- Capitalism and Alternatives -

Once where libertarians now are luddites?

Posted by: Lark on October 18, 1999 at 14:43:42:

In Reply to: Which facts? And who will 'choose' what they are? posted by Dr. Cruel on October 15, 1999 at 12:36:58:

: No, Lark, you idealistic anarchist you. Re-read what is being said, not what you expect to be there ...

Now I know a lot of idealistic anarchists that'd disagree with your placing me in there camp....

: The new threat to our liberties and freedoms lies not in the economic systems we adopt, but how they are chosen, and why. And the means by which this process is driven is less by human design, or "struggle" (class or otherwise), but increasingly at the capricious pace of modern technology. If anyone has a say in how these decisions are made, it is increasingly an arrangement made amongst the new elite of society, the educated aristocracy - the academians. It is Burnham’s managers (personified in the character O’Brien in 1984, or Mustafa Moda in Brave New World) at the beck and call of the brilliant and the gifted (the Randian ubermenschen of Atlas Shrugged; the Galts, and Reardens … the Stadlers, and Ferrises …) Galt meets O’Brien, and an unholy alliance of convenience is formed in which the nuances of ideology and market philosophy are merely incidental.

This appears to be a fantastic indictment of Capitalism, what is your point?

: The article declares socialism to be dead, an opinion one might expect to find in Reason magazine. One would certainly find a different opinion in this regard in something like Z, or the Nation, and yet what is said in this presumably anti-socialist essay could easily be expressed on one that sounded pro-socialistic.

Exactly what I was saying, have we got to the point then, once again, in history where the liberal, conservatives and tories will have to say hey we're still anti-socialist but socialist policy, that's a different matter?

:Indeed, one’s stance on socialism in regards to the underlying message is entirely unimportant. The fear of the author (one in which, as an anarchist, I would assume you would understand)

I'm actually a democratic socialist, so if you can have reformist anarchism then I'm it but otherwise are you sure you want to use this terminology? Anyway back to the real issues.

:is that, in the name of stability and the containment of negative consequences, that a centralized authority will find sufficient intellectual justification and support to form an autocratic state.
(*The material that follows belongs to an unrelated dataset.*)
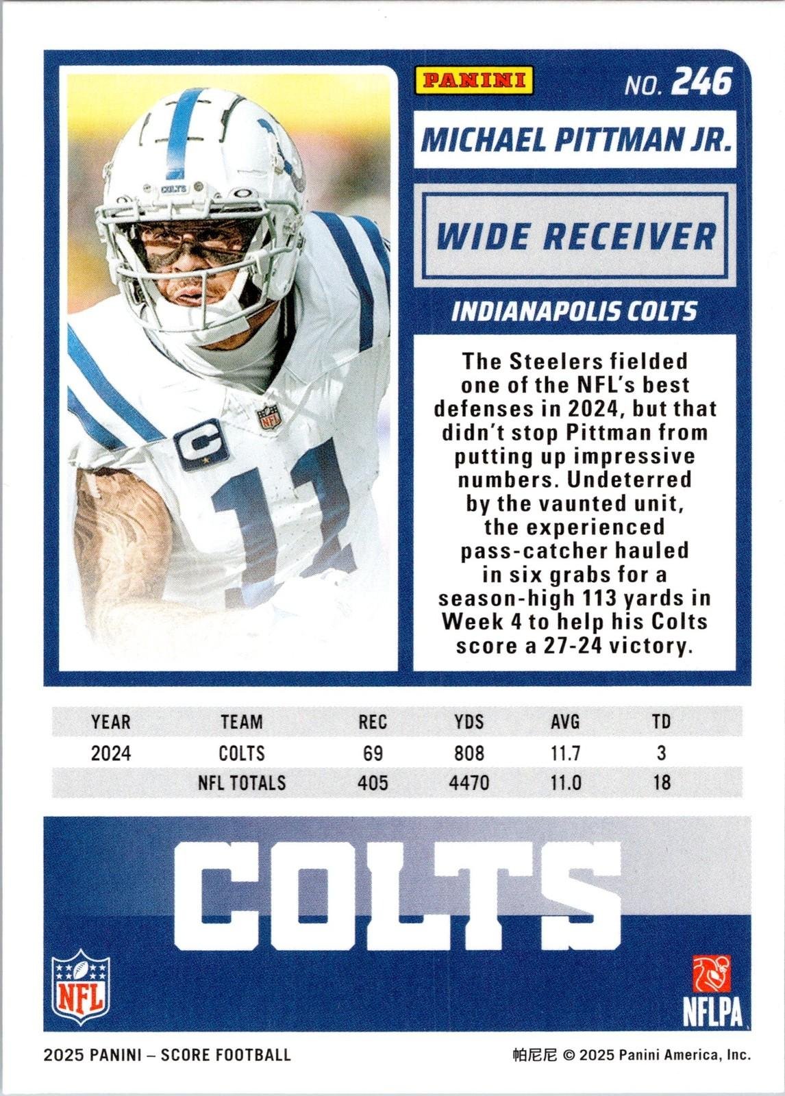 This is a nice example of a 2025 Score #246 Michael Pittman Jr.

Thus, the danger is not from socialism, or capitalism, but from statism, i.e. the rule of a small group of self-appointed social caretakers over the supposedly semi-conscious and helpless masses. I quote:

: "…we find statists who are, if anything, even more upset about market dynamism than their counterparts to the left and the right - because decentralized discovery processes cannot coexist with technocratic, political control."

Fair enough I find nothing more annoying than apolitical or sham political statism, what is worse is that is is so often paraded by the uninformed as socialism.

: One Brian Urquart, an official at the U.N. I believe, went even so far as to say that technological innovation itself should be moderated and/or slowed/stopped, though by what means this would be accomplished was left unstated. One can imagine.

And if you dont slow or stop it, what have you? A none state private totalitarianism.

: It is an issue that I (who have been called a ‘statist’) have been quite interested in for some time. Global warming? Widespread drug use? Animal abuse? International communists/militant Muslims/ethnic cleansing? Toxic hormone additives in meat? Illegal immigration? Nationalized health care? So then - Who will decide the relevance of these issues? Who will regulate our society, to protect us from these (supposed?) dangers and implement the (inevitably top-heavy) solutions? And, most importantly - are we to be allowed, or even capable of, adding anything to the ultimate decisions made? Given the increasingly complex nature of modern society, and the extremely detailed nature of the data on which such decisions are based, the answer increasingly is "no".

Well that is the impression that politicians and business try very hard, with lots of time and effort, to create. What your are suggesting is that old mantra of "if it changed anything they'd make it illegal" but the facts are they dont have to make it illegal to stop it just make it appear futile and it will die a death due to unpopularity.


:Our betters will decide for us. We will obey, and accept - or else…

Well if your a conservative or buy into the myths about futility.